* Your objective: Could you set down every entry exactly as it stands, without the images?

* Data items:
---------------

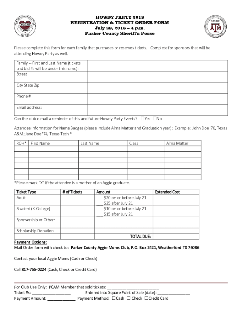 Please complete this form for each family that purchases or reserves tickets. Complete for sponsors that will be attending Howdy Party as well. Family First and Last Name (tickets and bid #s will
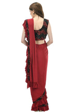 Mominos Fashion All Season Wear Olive Red And Black Ruffled Ready To Wear Saree - Ready to wear saree - Olive Red and black - Pure Lycra Fabrics
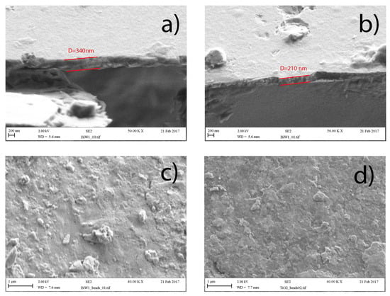 Cross-section SEM images of the coatings (a) Bi0, (b) BiW1 and top view SEM images of the coatings (c) BiW2, and (d) TiO2.
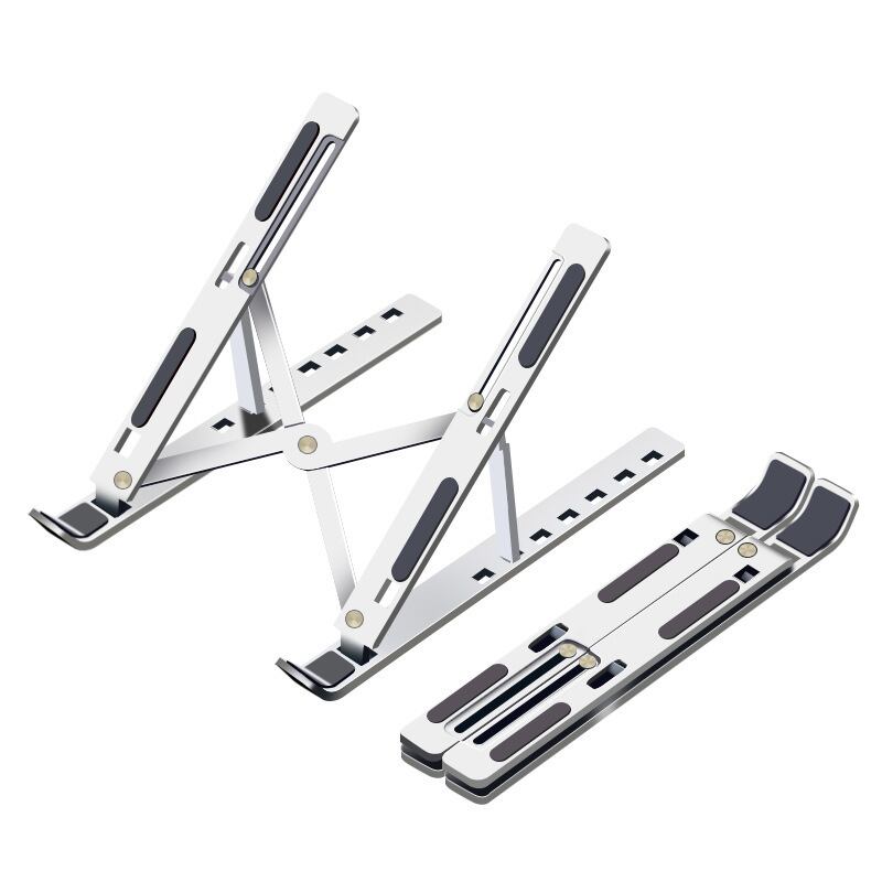 折りたたみ式構造のため、使用しない時はコンパクトに収納可能です。収納袋が付属しており、自宅だけでなくオフィス、カフェ、出張先などへの持ち運びにも適しています。底部は放熱性を考慮した設計で、パソコンの熱を効率よく逃がし、長時間使用時の過熱対策にも役立ちます。
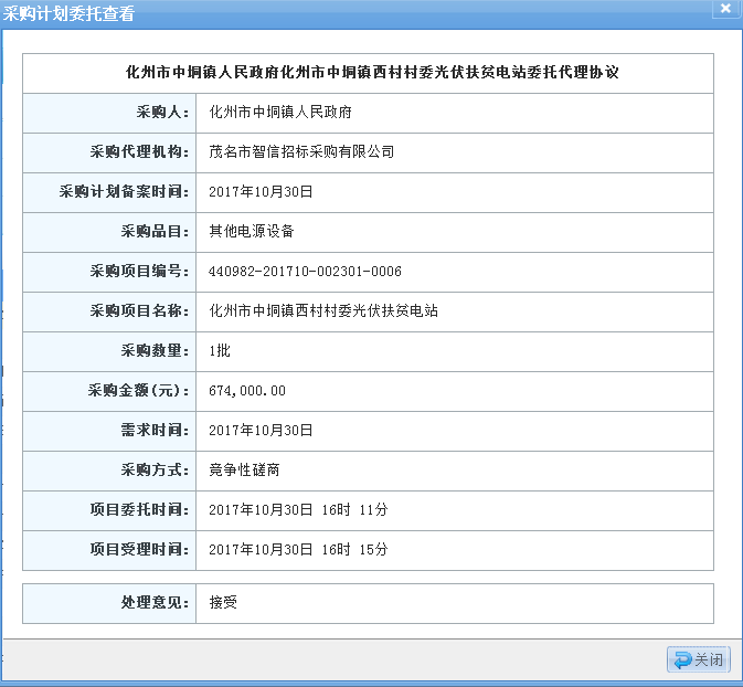 茂名市智信招標(biāo)采購有限公司 受 化州市中垌鎮(zhèn)人民政府 的委托,擬對 化州市中垌鎮(zhèn)西村村委光伏扶貧電站 進(jìn)行競爭性磋商,歡迎符合資格條件的供應(yīng)商參加。本項(xiàng)目將優(yōu)先確定符合相應(yīng)資格條件的自主創(chuàng)新產(chǎn)品、節(jié)能產(chǎn)品、環(huán)保產(chǎn)品供應(yīng)商參加談判。
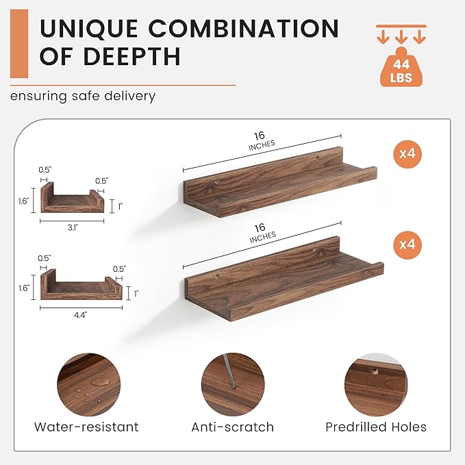 - 【Versatile and Multi-Functional】These shelves aren’t just for photos! FLYJOE ledge shelves can be creatively used as kids' bookshelves, display shelves for collectibles, spice racks in the kitchen, or even over-the-toilet storage in the bathroom. Their adaptability makes them a practical choice for any room in your home

---------------

* Response:
 Please complete this form for each family that purchases or reserves tickets. Complete for sponsors that will be attending Howdy Party as well. Family First and Last Name (tickets and bid #s will
 Mominos Fashion All Season Wear Olive Red And Black Ruffled Ready To Wear Saree - Ready to wear saree - Olive Red and black - Pure Lycra Fabrics
 Cross-section SEM images of the coatings (a) Bi0, (b) BiW1 and top view SEM images of the coatings (c) BiW2, and (d) TiO2.
 折りたたみ式構造のため、使用しない時はコンパクトに収納可能です。収納袋が付属しており、自宅だけでなくオフィス、カフェ、出張先などへの持ち運びにも適しています。底部は放熱性を考慮した設計で、パソコンの熱を効率よく逃がし、長時間使用時の過熱対策にも役立ちます。
 茂名市智信招標(biāo)采購有限公司 受 化州市中垌鎮(zhèn)人民政府 的委托,擬對 化州市中垌鎮(zhèn)西村村委光伏扶貧電站 進(jìn)行競爭性磋商,歡迎符合資格條件的供應(yīng)商參加。本項(xiàng)目將優(yōu)先確定符合相應(yīng)資格條件的自主創(chuàng)新產(chǎn)品、節(jié)能產(chǎn)品、環(huán)保產(chǎn)品供應(yīng)商參加談判。
 - 【Versatile and Multi-Functional】These shelves aren’t just for photos! FLYJOE ledge shelves can be creatively used as kids' bookshelves, display shelves for collectibles, spice racks in the kitchen, or even over-the-toilet storage in the bathroom. Their adaptability makes them a practical choice for any room in your home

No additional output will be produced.